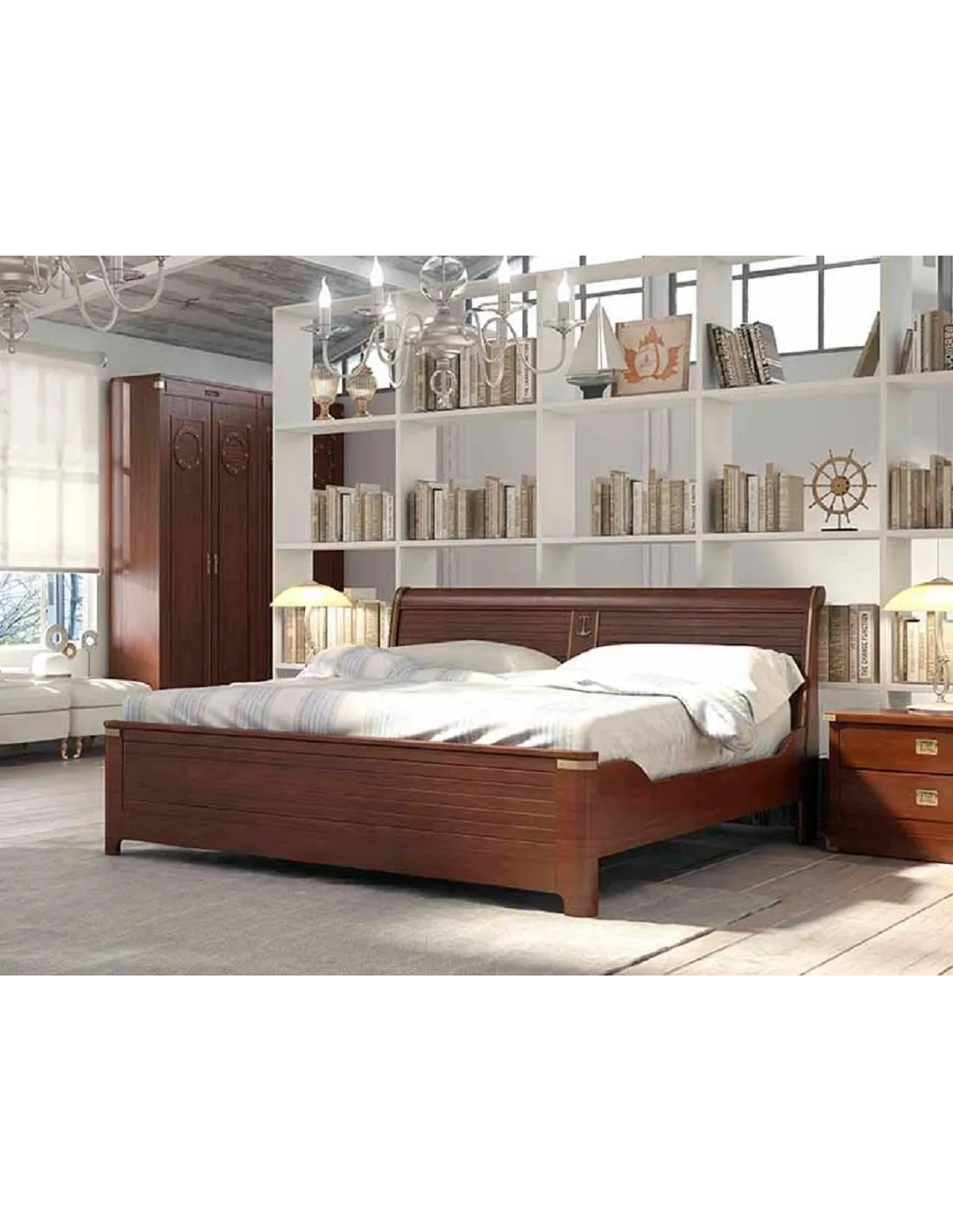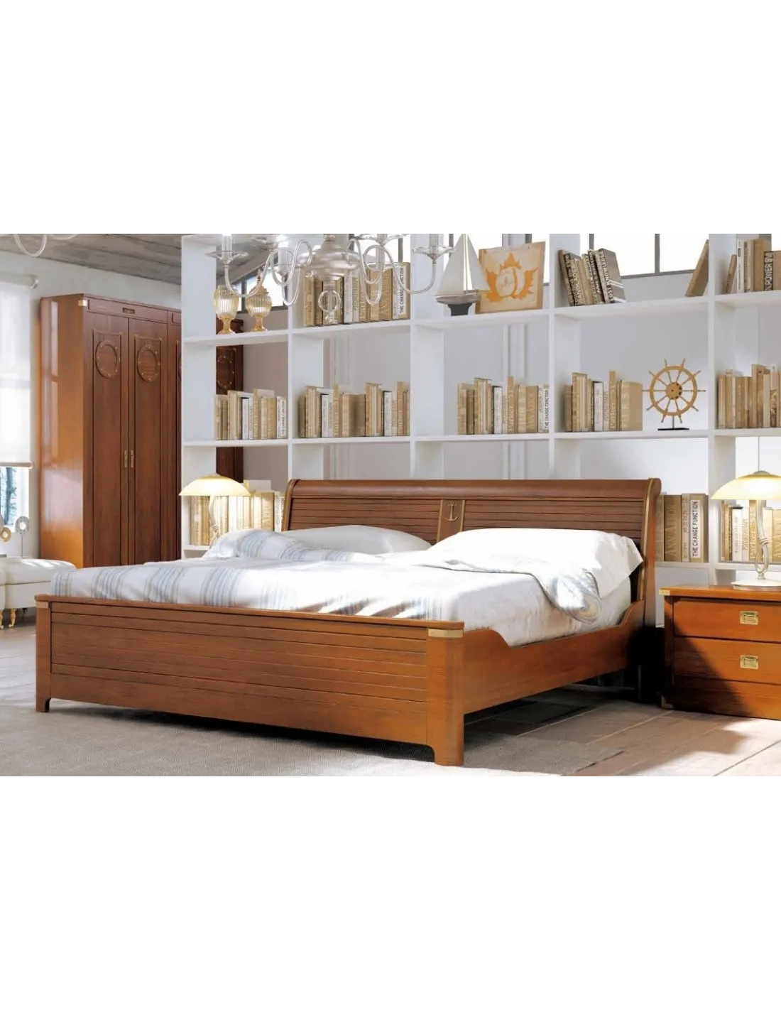 Esta cama de diseño colonial tiene unos acabados pulimentados y barnizados de primera calidad, con la posibilidad de elegir entre blanco decapado, nogal claro y nogal naútico, con los detalles del mueble y herrajes de latón pulido.
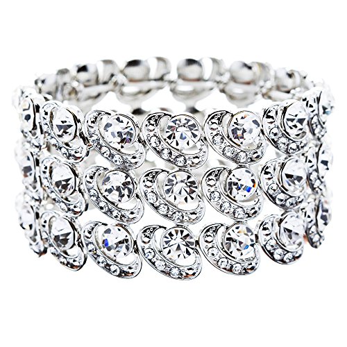 -. Feature : Color: Silver, Clear / Material: Clear Crystal Stones & Rhinestones, Metal Casting, Rhodium Plated / Dimensions (Size): Approx. 1.50" Wide / Style: Cycle-Shape Cuts, Faceted, Texture, Stretchable / Lead Compliant
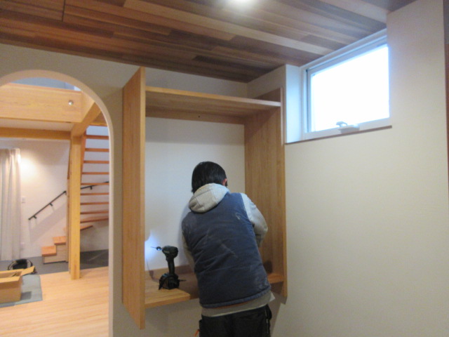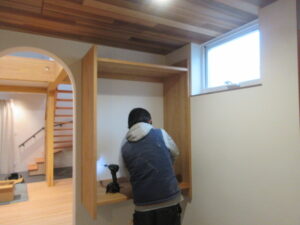 河口さんが、家具の取付を進めてくれています!キッチン廻り、寝室廻り、納戸廻りと!家具が付くと、生活感が出てきておうちらしくなってきますね(≧▽≦) 中庭には人工芝張りも河口さんがやってくれています。明日は、外構工事の植栽帯部に小栗石を敷き詰めますよ(*^▽^*)
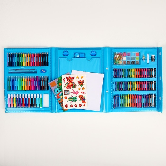 Такой набор станет настоящим подарком для художника. Рисуйте, создавайте шедевры с помощью маркеров, восковых мелков, красок и многого другого!
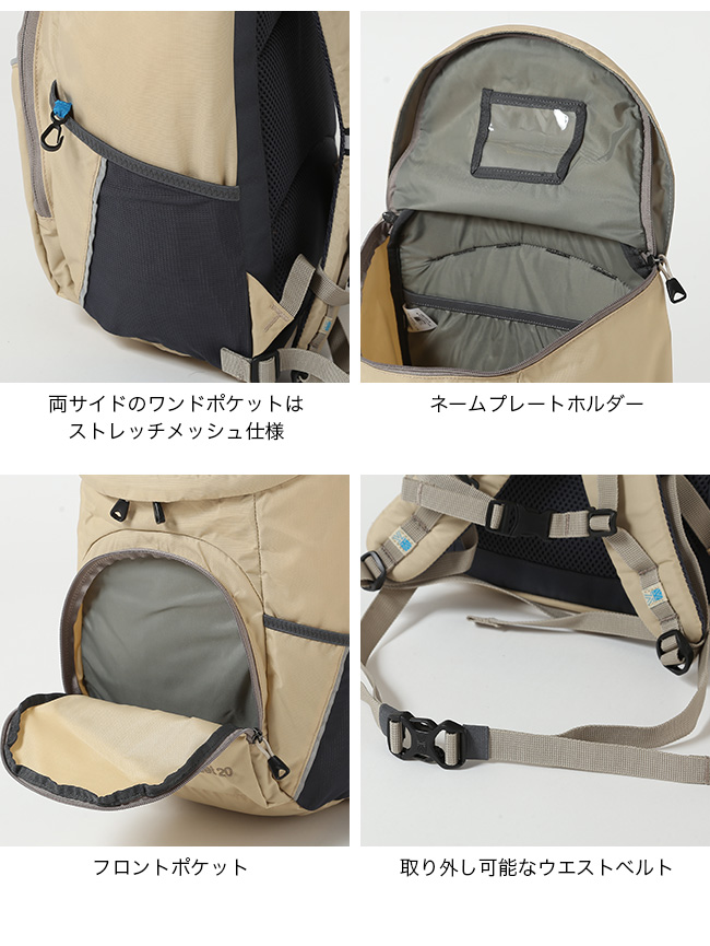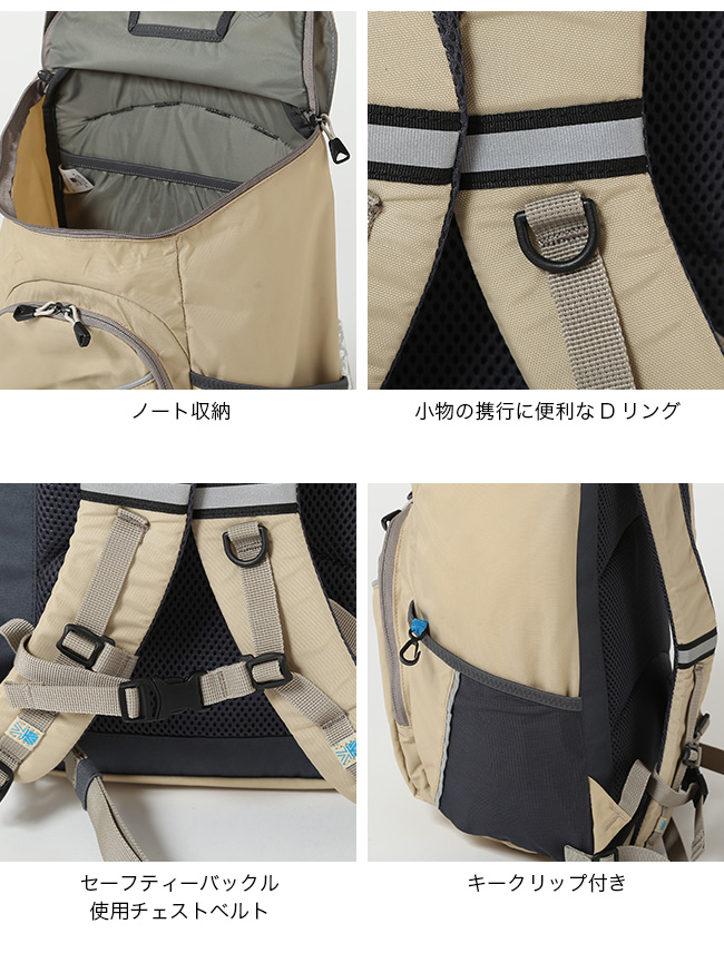 コンパクトな小型リュックサックですが、トレッキングやアウトドアで活躍する機能をふんだんに盛り込んだ、実用的なモデルとなっています。夜間でも存在をアピールできるリフレクトテープ(反射材)や、携行時の安定性・フィット感を向上させるチェストストラップ、紛失時などに役立つネームプレートホルダー付き。
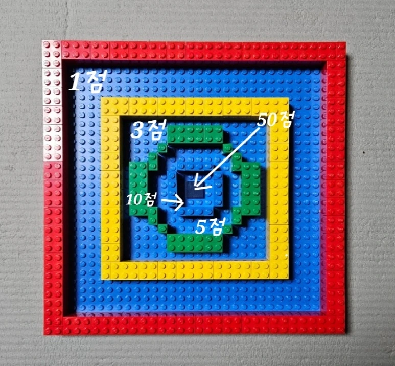 이번 주말에 1호가 새로운 방식의 레고를 만들었기에 소개합니다. 바로 레고로 만든 투호(投壺)입니다. 테두리로 둘러싸여진 공간마다가 각각의 점수가 배정되어 있으며 정해진 개수의 레고 1X1 크기의 조각을 던져서 점수가 높은 사람이 승리하는 방식입니다.
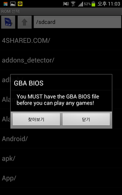 설치하시고 나면 BIOS 파일을 받으라고 하는데 Gameboid 받으실때 같이 받으셨던 바이오스 파일을 찾아 선택해주시면 됩니다.
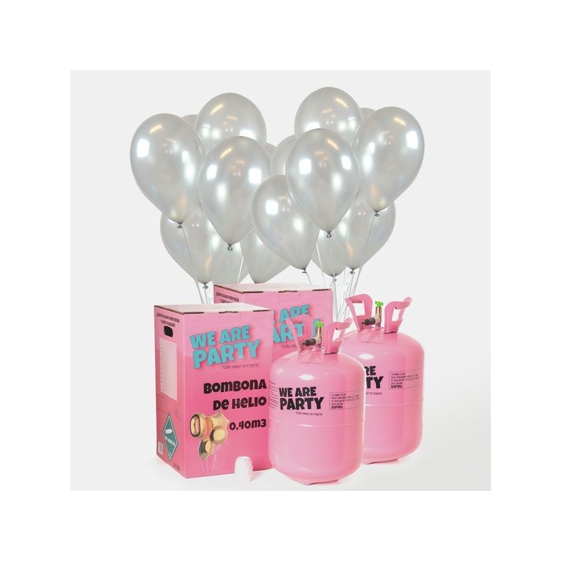Pack de bombona de helio con 100 globos plateados de 30 cm. Es un pack ideal para ocasiones especiales y elegantes, como fiestas de fin de año, comuniones, bodas y todo lo que quieras celebrar ya que el aspecto metalizado de los globos le da un aspecto genial. También es un pack perfecto para organizar tu propia suelta de globos!
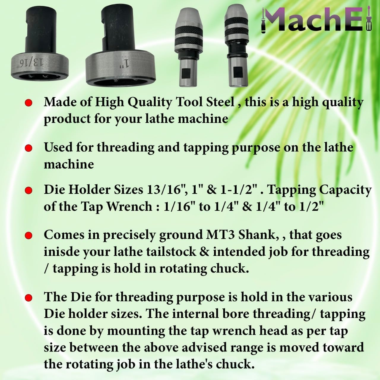 The Machel Tapping, Reaming & Threading Die Holder Set For Lathe Tailstock (MT3) Is A Versatile And Precision Tool Designed For Thread Cutting, Tapping, And Reaming Operations In Metalworking Applications. This Tool Is Ideal For Manual Lathes, Drilling Machines, And Milling Machines, Ensuring Accurate Alignment And Smooth Machining Performance. Featuring A MT3 Morse Taper Shank, The Holder Fits Securely Into Lathe Tailstocks, Allowing Stable And Controlled Tapping And Threading Operations. The Design Helps Maintain Proper Alignment Between The Cutting Tool And Workpiece, Reducing The Risk Of Thread Damage And Improving Machining Accuracy. This Lathe Tailstock Tapping And Die Holder Set Supports Multiple Threading Die Sizes Including 1 Inch And 13/16" Dies, Making It Suitable For A Wide Range Of Thread Cutting Tasks In Engineering Workshops And Manufacturing Environments. Manufactured From Hardened Tool Steel, The Holder Set Provides Excellent Durability, Wear Resistance, And Long-lasting Performance Even In Demanding Machining Conditions. The Machel MT3 Tapping And Die Holder Is Widely Used By Machinists, Tool Makers, Fabrication Workshops, Maintenance Departments, And Industrial Manufacturing Units For Precise Threading, Tapping, And Reaming Operations.
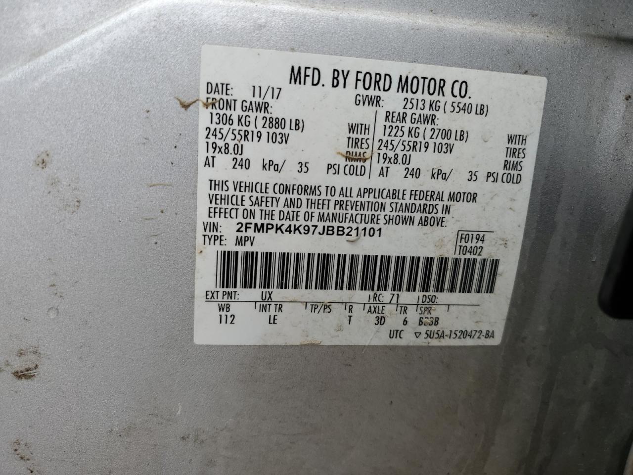 2018 FORD EDGE - 2FMPK4K97JBB21101, цвет - Серебряный, 2.0, Бензин, Полный привод из США
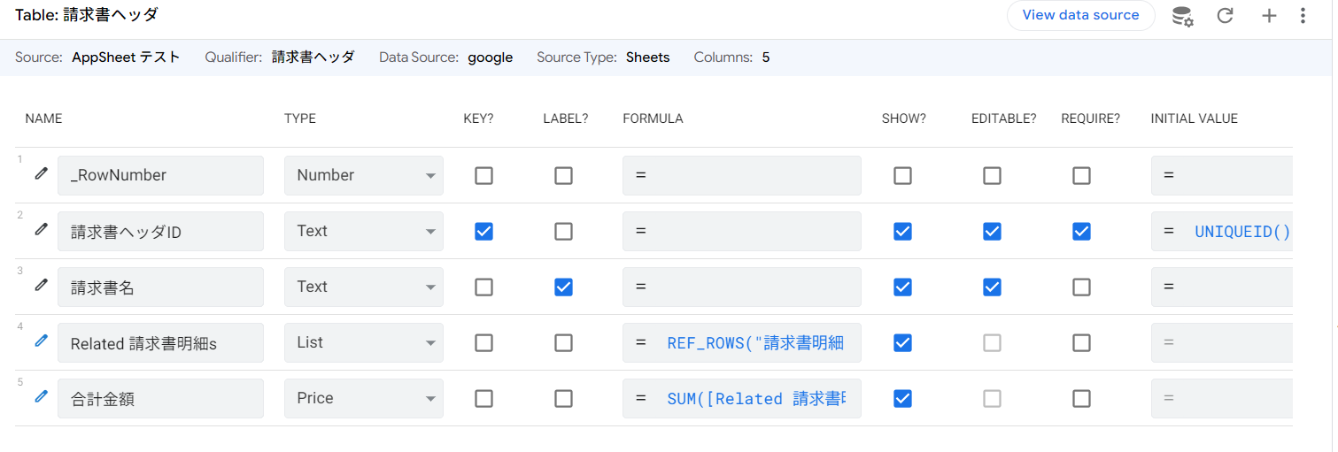 請求書明細側が請求書ヘッダIDを参照し、請求書ヘッダで明細の合計を出します。

> TASK PROMPT
Starting at the first line of the listing above, write out each line exactly and nothing else until you reach the line containing "Pack de bombona", which is included as well; omit all pictures.

> RESPONSE
 Esta cama de diseño colonial tiene unos acabados pulimentados y barnizados de primera calidad, con la posibilidad de elegir entre blanco decapado, nogal claro y nogal naútico, con los detalles del mueble y herrajes de latón pulido.
 -. Feature : Color: Silver, Clear / Material: Clear Crystal Stones & Rhinestones, Metal Casting, Rhodium Plated / Dimensions (Size): Approx. 1.50" Wide / Style: Cycle-Shape Cuts, Faceted, Texture, Stretchable / Lead Compliant
 河口さんが、家具の取付を進めてくれています!キッチン廻り、寝室廻り、納戸廻りと!家具が付くと、生活感が出てきておうちらしくなってきますね(≧▽≦) 中庭には人工芝張りも河口さんがやってくれています。明日は、外構工事の植栽帯部に小栗石を敷き詰めますよ(*^▽^*)
 Такой набор станет настоящим подарком для художника. Рисуйте, создавайте шедевры с помощью маркеров, восковых мелков, красок и многого другого!
 コンパクトな小型リュックサックですが、トレッキングやアウトドアで活躍する機能をふんだんに盛り込んだ、実用的なモデルとなっています。夜間でも存在をアピールできるリフレクトテープ(反射材)や、携行時の安定性・フィット感を向上させるチェストストラップ、紛失時などに役立つネームプレートホルダー付き。
 이번 주말에 1호가 새로운 방식의 레고를 만들었기에 소개합니다. 바로 레고로 만든 투호(投壺)입니다. 테두리로 둘러싸여진 공간마다가 각각의 점수가 배정되어 있으며 정해진 개수의 레고 1X1 크기의 조각을 던져서 점수가 높은 사람이 승리하는 방식입니다.
 설치하시고 나면 BIOS 파일을 받으라고 하는데 Gameboid 받으실때 같이 받으셨던 바이오스 파일을 찾아 선택해주시면 됩니다.
Pack de bombona de helio con 100 globos plateados de 30 cm. Es un pack ideal para ocasiones especiales y elegantes, como fiestas de fin de año, comuniones, bodas y todo lo que quieras celebrar ya que el aspecto metalizado de los globos le da un aspecto genial. También es un pack perfecto para organizar tu propia suelta de globos!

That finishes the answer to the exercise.